The serializer parameter must be a function object that supports the following call:
template<typename U> void operator()(const U& value);where the typesstd::int16_t,std::uint32_t,std::uint64_t,floatandstd::pair<Key, T>must be supported for U.
The implementation leaves binary compatibility (endianness, IEEE 754 for floats, …) of the types it serializes in the hands of the Serializer function object if compatibility is required.
template <class Deserializer> static robin_map deserialize( Deserializer& deserializer, bool hash_compatible = false )
Deserialize a previously serialized map through the deserializer parameter.
The deserializer parameter must be a function object that supports the following call:
template<typename U> U operator()();where the typesstd::int16_t,std::uint32_t,std::uint64_t,floatandstd::pair<Key, T>must be supported for U.
If the deserialized hash map type is hash compatible with the serialized map, the deserialization process can be sped up by setting hash_compatible to true. To be hash compatible, the Hash, KeyEqual and GrowthPolicy must behave the same way than the ones used on the serialized map and the StoreHash must have the same value. The std::size_t must also be of the same size as the one on the platform used to serialize the map.

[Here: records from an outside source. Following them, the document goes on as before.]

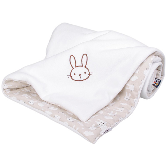 Zateplená dětská deka v provedení fleece, vatelín, bavlna. Barevnost bílá a béžová s motivem zajíčků. Rozměr 70 x 100 cm. Praní na 30° C. Česká výroba.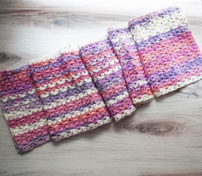 Using two variations of the popular v-stitch combination, this pattern has an easy to remember 2-row repeat. This one-skein summer scarf uses self-striping yarn to make colorwork easy. Wear it as a rectangular shawl in transitional weather.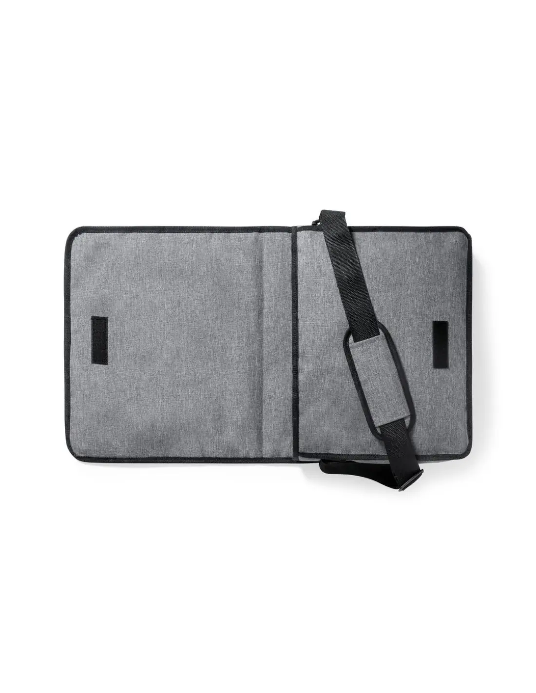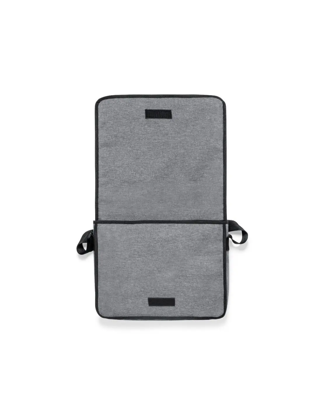 Bandolera fabricada en resistente poliéster 600D RPET. Completamente acolchada, con amplia solapa frontal, cierre de velcro y ribete en negro....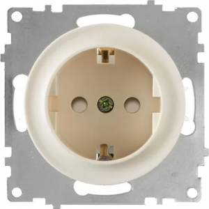 Розетка с заземлением, защитные шторки, винтовые контакты, цвет бежевый (серия Florence)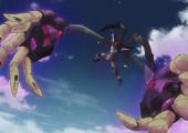 In match two, Sekai Kamiki and his comrades from West Tokyo’s Seiho Academy Middle School will face Minato Sakai and Tendaiji Academy, representing Osaka. Before the first battle, sparks fly between the members of each team, centering on Sekai. Then, in a battle stage made up of floating islands, the curtain rises on the match between the Gunpla Academy and Granada Academy. Controlling the Crossbone Gundam X1 Full Cloth (Wicked assed Gundam if I say so myself), Lucas begins a one-on-three battle against the Gunpla Academy.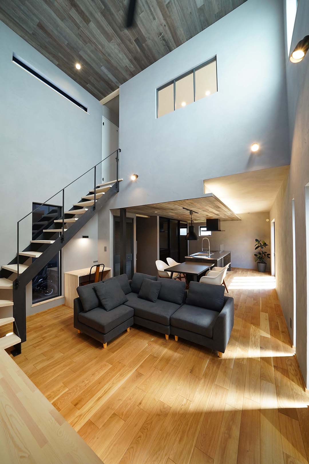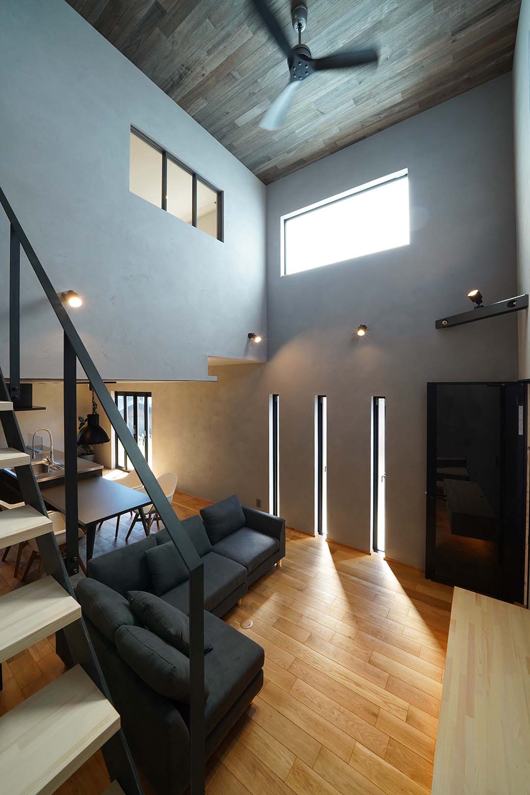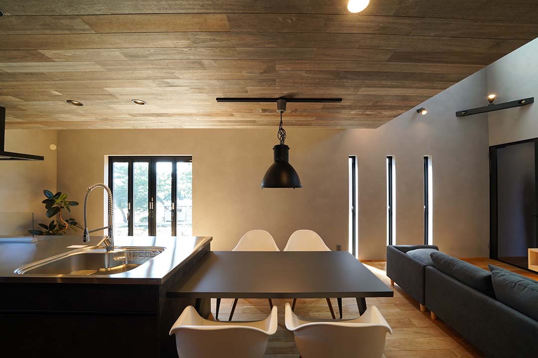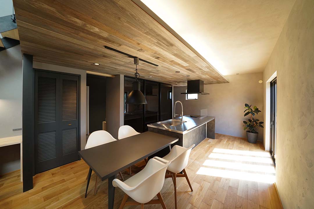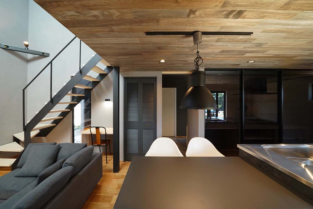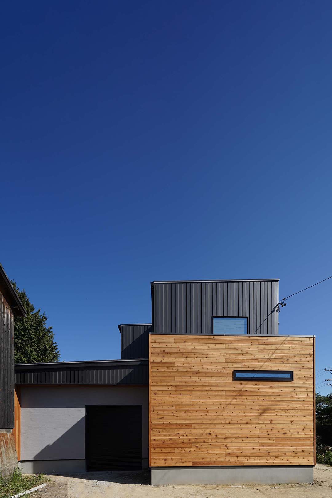 黒のガルバリウム鋼板とレッドシダーと漆喰を使用した外観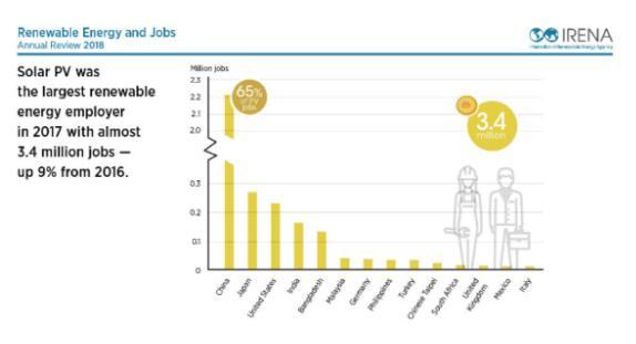 2017年,太陽(yáng)能光伏行業(yè)仍然是所有可再生能源技術(shù)的最大雇主,約占340萬(wàn)個(gè)就業(yè)崗位。2017年實(shí)現(xiàn)創(chuàng)紀(jì)錄的94吉瓦部署容量,增加近9%。中國(guó)約占2/3的光伏就業(yè)崗位,相當(dāng)于220萬(wàn)人,比上一年增長(zhǎng)了13%。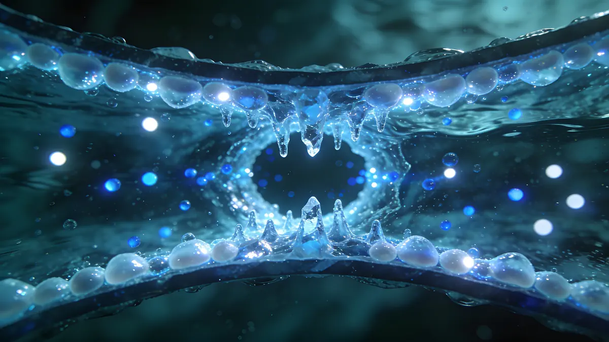 L’équipe a formé son revêtement lubrifiant à partir de bicouches lipidiques, des structures naturelles présentes dans les membranes cellulaires. Les bicouches lipidiques s’auto-assemblent lorsque deux couches de molécules grasses se rejoignent par leurs queues hydrophobes, laissant leurs têtes hydrophiles pointées vers l’extérieur. Déposées sur les nanopores en forme de stalactites intégrés dans une membrane de nitrure de silicium, les têtes hydrophiles des bicouches attirent une couche d’eau très fine. Cette couche, de seulement quelques molécules d’épaisseur, adhère au nanopore et empêche l’interaction directe avec les ions en écoulement, réduisant ainsi les frottements.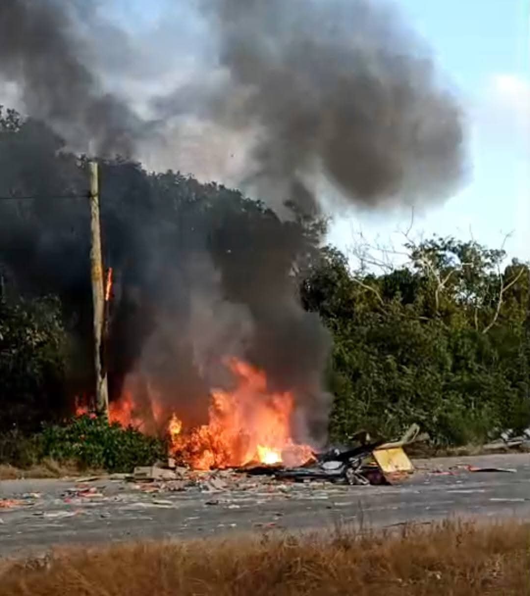 De acuerdo con los primeros reportes, a través del número de emergencias 911 se solicitó apoyo al informarse que un vehículo con logotipos de Sabritas se encontraba envuelto en llamas luego del fuerte choque ocurrido cerca del hotel Grand Oasis Tulum.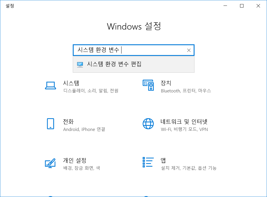 3-1. Windows 설정에 들어가 시스템 환경 변수 편집에 들어간다.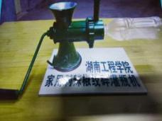 该作品采用市场上家用绞碎机为样机。它主要包括机体、螺杆、手柄、推进轴、吸盘、灌瓶装置(圆锥螺杆)、圆刀、十字刀片、加盐装置、出料筒组成。结构形式的选择取决于原料供料的要求。整个传递运动过程中螺杆是家用剁辣椒绞碎自动灌瓶机的主要执行部件,是关键机构,它的主要任务就是将十字刀片、圆刀和圆锥螺杆连接在一起,形成一个整体传动轴。辣椒由投料口输入,通过作用手柄带动螺杆旋转,从而把辣椒输送到十字刀片处,由于螺杆旋转时,十字刀片也随螺杆旋转,圆刀固定不动。从而把辣椒绞碎,并从圆刀孔中流出。流出的辣椒颗粒经过加盐后,再通过圆锥螺杆的输送,灌入瓶中。物料随圆柱形螺旋杆不断填充,刀具进行切碎,压环装置进行加盐,锥形螺杆输送,最后由出料筒落入容器瓶中。 |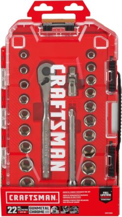 CRAFTSMAN Mechanics Tool Set, 3/8″ Drive, SAE/Metric, 22 Piece (CMMT12029)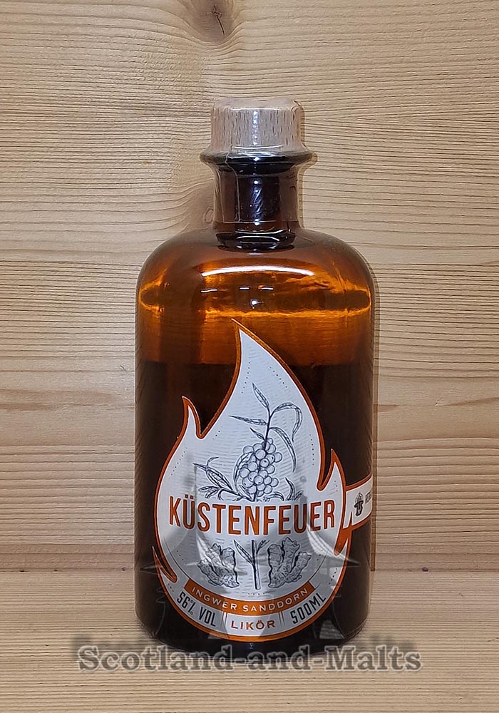 Küstenfeuer Ingwer - Sanddorn Likör mit 56,0% - Kräftiger Likör mit Ingwer und Sanddorn aus Norddeutschland

If these criteria are not met, the behaviour is undefined with hash_compatible sets to true.
The behaviour is undefined if the type Key and T of the robin_map are not the same as the types used during serialization.
The implementation leaves binary compatibility (endianness, IEEE 754 for floats, size of int, …) of the types it deserializes in the hands of the Deserializer function object if compatibility is required.